O Serviço de Imigração e Alfândega dos Estados Unidos (ICE) deteve, na última quinta-feira, o polêmico ativista britânico de extrema-direita Milo Yiannopoulos. A operação de captura ocorreu no Aeroporto Internacional de Nova Orleães, na Louisiana, conforme oficializado pelo Departamento de Segurança Interna (DHS).
O ativista, de 41 anos, que se notabilizou como uma das vozes mais provocadoras do conservadorismo radical e por posições ferozmente contrárias à presença de estrangeiros sem documentos, é agora classificado pelas autoridades federais como um imigrante ilegal prestes a ser expulso do território americano.

A permanência de Yiannopoulos no país já ocorria de forma irregular há anos. O britânico deu entrada legalmente nos Estados Unidos em maio de 2019, mas optou por permanecer além do prazo concedido pelo visto. A sua situação jurídica agravou-se drasticamente em 22 de julho deste ano, data em que um juiz de imigração emitiu uma ordem final de deportação após o comentador faltar à audiência judicial agendada. Segundo informações divulgadas pelas autoridades e dados que constam na notificação oficial acompanhada pela fotografia do registro policial, o britânico permanecerá sob custódia ostensiva até que a sua remoção forçada para o Reino Unido seja devidamente concretizada.

A detenção ocorreu em um momento em que Yiannopoulos mantinha agendas no estado da Louisiana. Segundo apurado pelo Jornal Brazilian Press, o ativista estava na cidade de Nova Orleães para acompanhar um concerto do artista Ye, anteriormente conhecido como Kanye West, com quem mantém laços próximos de cooperação. Figura central no ecossistema da extrema-direita da última década, Yiannopoulos construiu notoriedade a partir do portal Breitbart News sob a bandeira da liberdade de expressão irrestrita e do combate ao que chamava de “politicamente correto”, acumulando sucessivas denúncias de racismo e misoginia.

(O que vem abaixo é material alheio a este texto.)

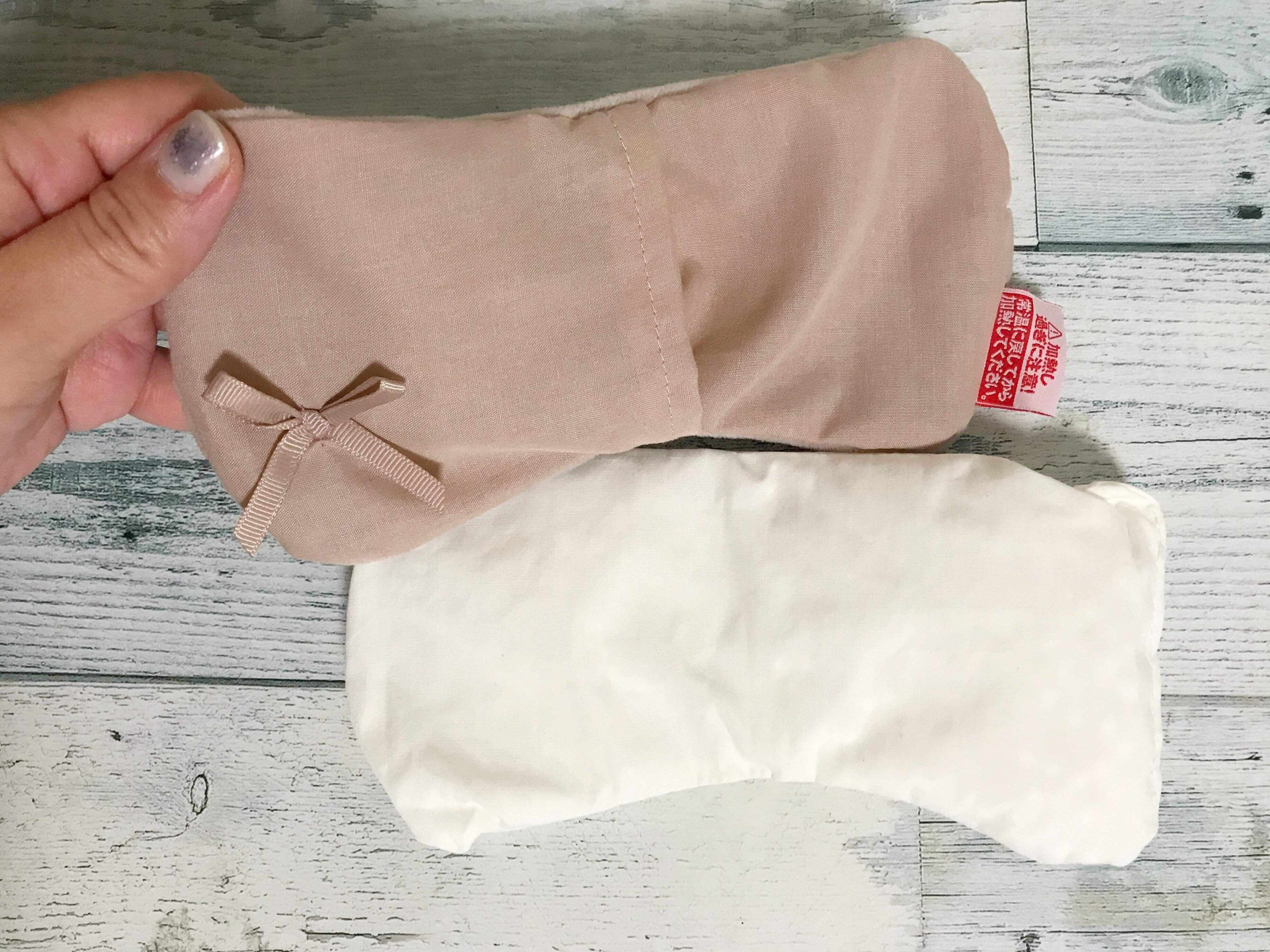 「レンジであったかアイマスク」(330円)。その名の通り、電子レンジで温めて使うホットアイマスクなのですが、繰り返し使えるのでコスパも良いですよね。
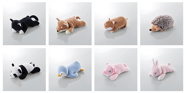 サイズはネコとイヌが約200(幅)×110(高さ)×70(奥行)mm、ハムスターが約180(幅)×88(高さ)×65(奥行)mm、ハリネズミが約170(幅)×95(高さ)×70(奥行)mm、パンダが約193(幅)×115(高さ)×70(奥行)mm、ペンギンが約185(幅)×115(高さ)×70(奥行)mm、ブタが約180(幅)×92(高さ)×100(奥行)mm、ウサギが約162(幅)×105(高さ)×110(奥行)mm。重量は28.7〜35.4g。
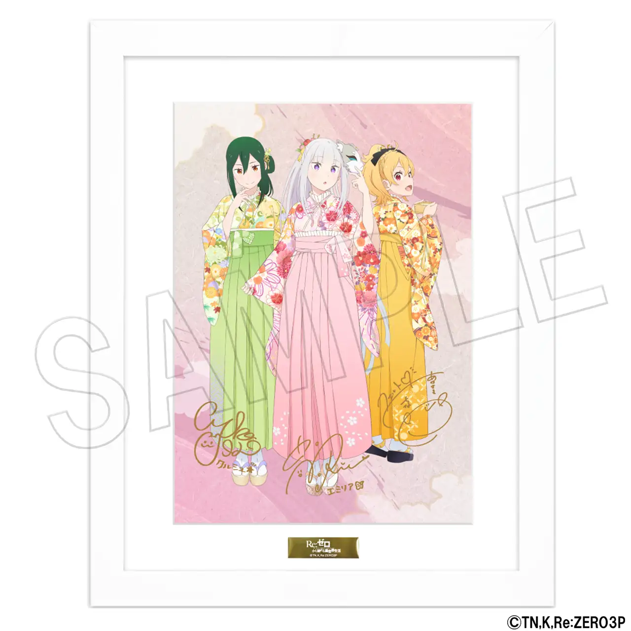 TVアニメ『Re:ゼロから始める異世界生活』より和服装が可愛い複製原画が登場! 高橋李依さん(エミリア役)、赤﨑千夏さん(フェルト役)、井口裕香さん(クルシュ役)の複製サインが入った豪華な複製原画です! 【価格】 16,500円(税込) 【仕様】 サイズ:(画部分)約H297mm×W210mm (額装)約H403mm×W316mm 材質: [額縁]樹脂製 [マット紙・イラスト]紙 [面材]アクリル樹脂 [裏板]合板
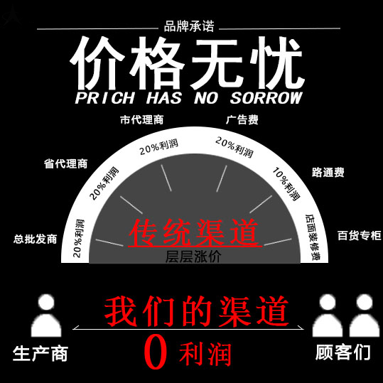 傳統(tǒng)渠道:總批發(fā)商——省級代理商——市級代理商——廣告費(fèi)——路通費(fèi)——店面裝修費(fèi)。
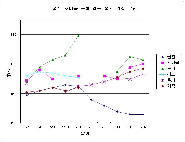 o 아래 그림은 2012년 05월 07일∼5월 16일까지의 매일 오전 10시에 관측된 현장 표면수온 분포입니다. o 금일(16일) 오전 10시 현재 연안 관측 표면수온은 호미곶 17도, 포항 17.3도, 울기 16.3도, 부산(기장)은 16.7도로 나타납니다. o 그러나 울진의 표면수온은 5월 11일(15.5도)이후 낮아져 16일 현재 13.6도를 보이니, 수온변화에 각별한 주의가 필요합니다.
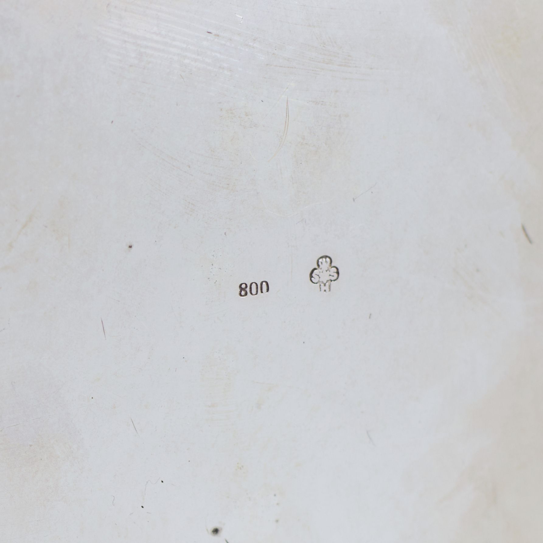 Marks: Silver standard mark “800”. Maker’s mark in a quatrefoil shield: an eagle above the letters “S - ★ - S”, positioned above the letter “H”. Such workshop marks are characteristic of silver produced by the workshops of Hanau (Germany) and were widely used during the second half of the nineteenth century on historicist objects intended for the international decorative silver market.
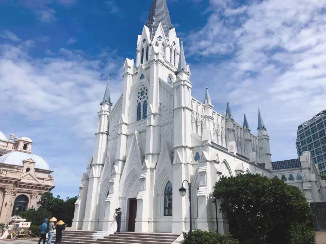 吉庆广场是三亚的小众打卡地,欧式风情的街道,有一种行走在伦敦街头的感觉。巴士、电话亭、小汽车、邮筒、白色教堂,可以拍照的元素有很多,出片率极高。这里也是著名的婚纱照拍摄地,平时会有很多新人在此拍照。

O episódio carrega contornos de forte contradição política. Um dos pioneiros no apoio público à primeira candidatura de Donald Trump em 2016, Yiannopoulos distanciou-se do ex-presidente recentemente, mas mantinha uma retórica radical sobre o controle de fronteiras. Em publicações feitas nas redes sociais, o britânico chegou a defender a instalação de postos de controle do ICE em supermercados, postos de gasolina e prédios públicos na Califórnia para a deportação sumária de indocumentados, além de ter solicitado imunidade legal irrestrita para os agentes de imigração em serviço. Agora, é o próprio aparato repressivo que o mantém detido enquanto aguarda o voo de regresso ao seu país de origem.